Question: In your view, is it necessary and desirable to recognize intrinsic rights to Nature?  What would be the added value compared to other legal tools such as access to justice for nature protection associations, environmental criminal offenses, pure ecological harm, ecocide crime?  How to implement such rights?  Should the legal judicial systems be adapted with – for instance – specialised environmental Courts? Is there a risk of having judges making policy rather than applying law?

A healthy environment is extremely important. “Intrinsic rights to nature” can contribute to that goal in concrete cases.

The questions are, however, too abstract to answer them in a meaningful way in a few minutes. That goes more generally for the debate about sustainability and climate change. It rains laudable declarations. There is a genuine believe that “something” must be done. Corresponding action falls short.

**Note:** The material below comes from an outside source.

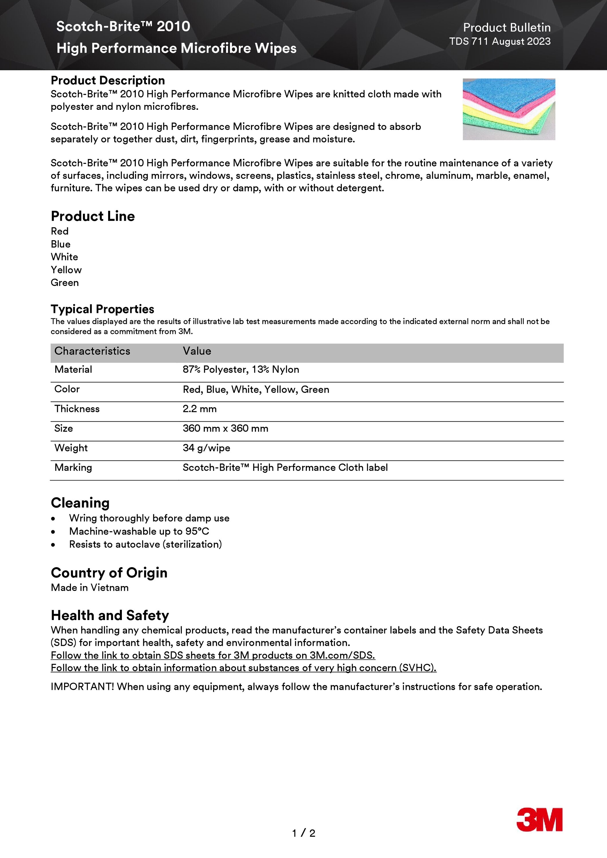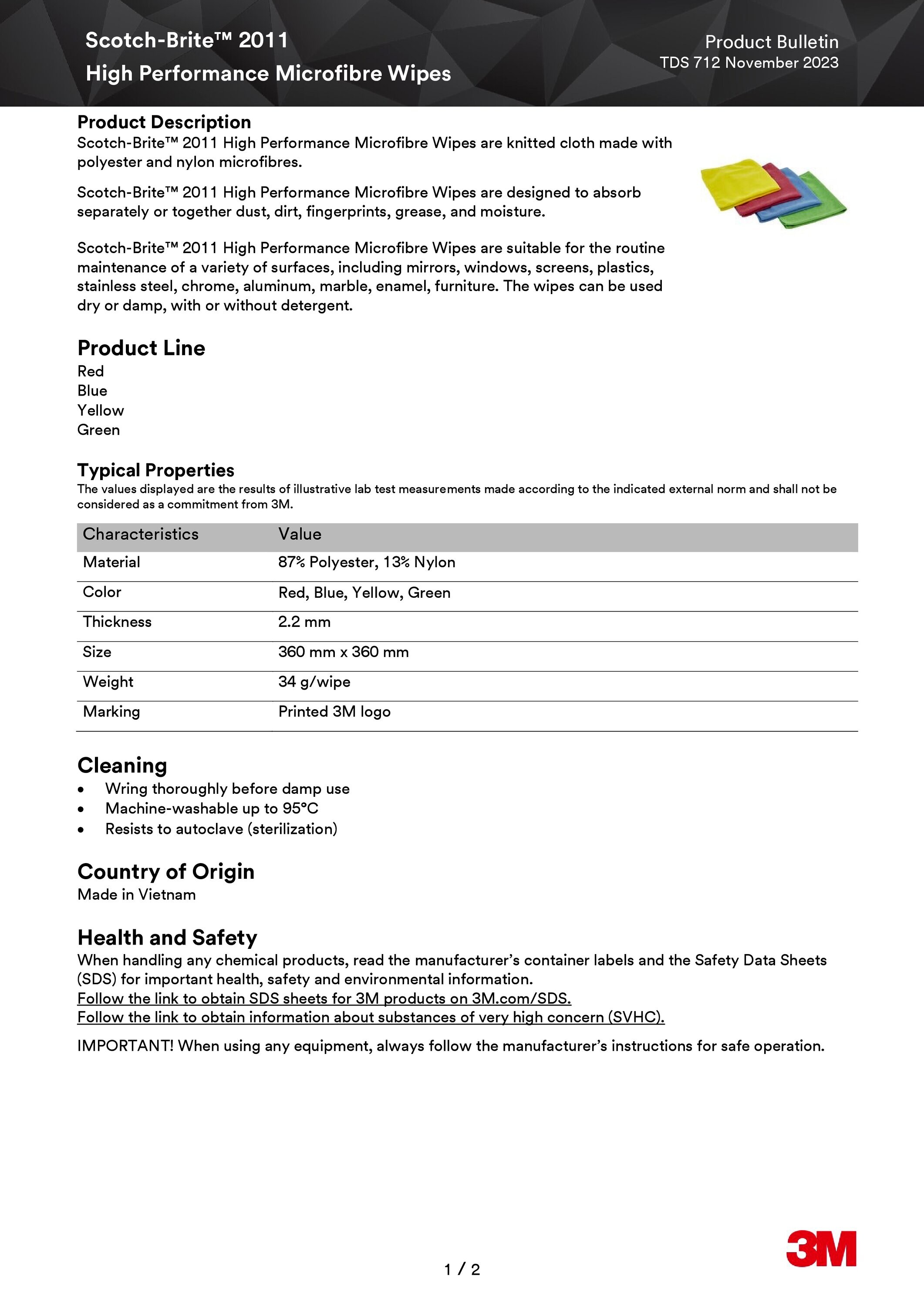 3m™ scotch-brite™ 2012 mikrofiberklut, grønn, 360 mm x 360 mm

Almost every human activity has an adverse impact on the environment. Take the emission of GHGs. It is impossible to reduce global emissions to zero overnight. A right to leave nature untouched amounts to an unachievable goal. Hence, we must explain what is meant by “intrinsic rights to nature”. Otherwise it is difficult to answer the question whether such rights are “necessary and desirable”.

The flip side of a right is an obligation. Little or no progress can be made if we cannot formulate concrete obligations of single players (States and enterprises).

There is regrettably little appetite to enter into such discussions. An international group of experts has launched detailed climate obligations of States and enterprises: the Oslo Principles and the Principles on Climate Obligations of Enterprises; an update of the Enterprises Principles is forthcoming; see our group’s website The Principles are supported by many distinguished members of the judiciary and academia. Why are the others absent?

Liability for pure ecological harm covers a wide area, including the adverse consequences on nature of climate change. Because the aggregate of present and future losses will be beyond imagination, generous liability right now means: no money will be left for future victims. However sympathetic compensation of pure ecological loss is – if spent usefully – victims and courts may feel temped to open the floodgates because deterioration of the environment is often paired with major injustice to people (present and future generations). A focus on liability requires a broader view, encompassing all relevant interests, on how to balance the diverging inter and intra-generational interests, in particular the interests of the most vulnerable people and countries. Nature is of crucial importance, but not all that counts.

Case law from around the globe illustrates that NGOs often are the drivers of change. Empowering NGOs to serve as plaintiffs in case of f.i. impairment of the environment is useful. It removes one hurdle to victory, although courts outright unwilling to come on board will find other reasons for not rendering useful judgments.

“Judges making policy rather than applying the law” is the flipside of abstract talk. If the law only offers very open legal norms (say “intrinsic rights of nature”) courts have to interpret such norms. Most courts try to align with the changing demands of society; the law as a living instrument as the European Court of Human Rights put it. That unavoidably means that such an interpretation is coloured by policy arguments. Don’t make a mistake: conservative judgments also hinge on policy, albeit conservative policy.

The law as it stands offers ample of opportunities to avert further deterioration of nature. Abstract discussions tend to distract from what should be our first and foremost priority: avoiding catastrophe.

It is important to explore strategies to create a better world. We can only be thankful to the EU Commission for its creativity and willingness to take the lead where many others lean backwards.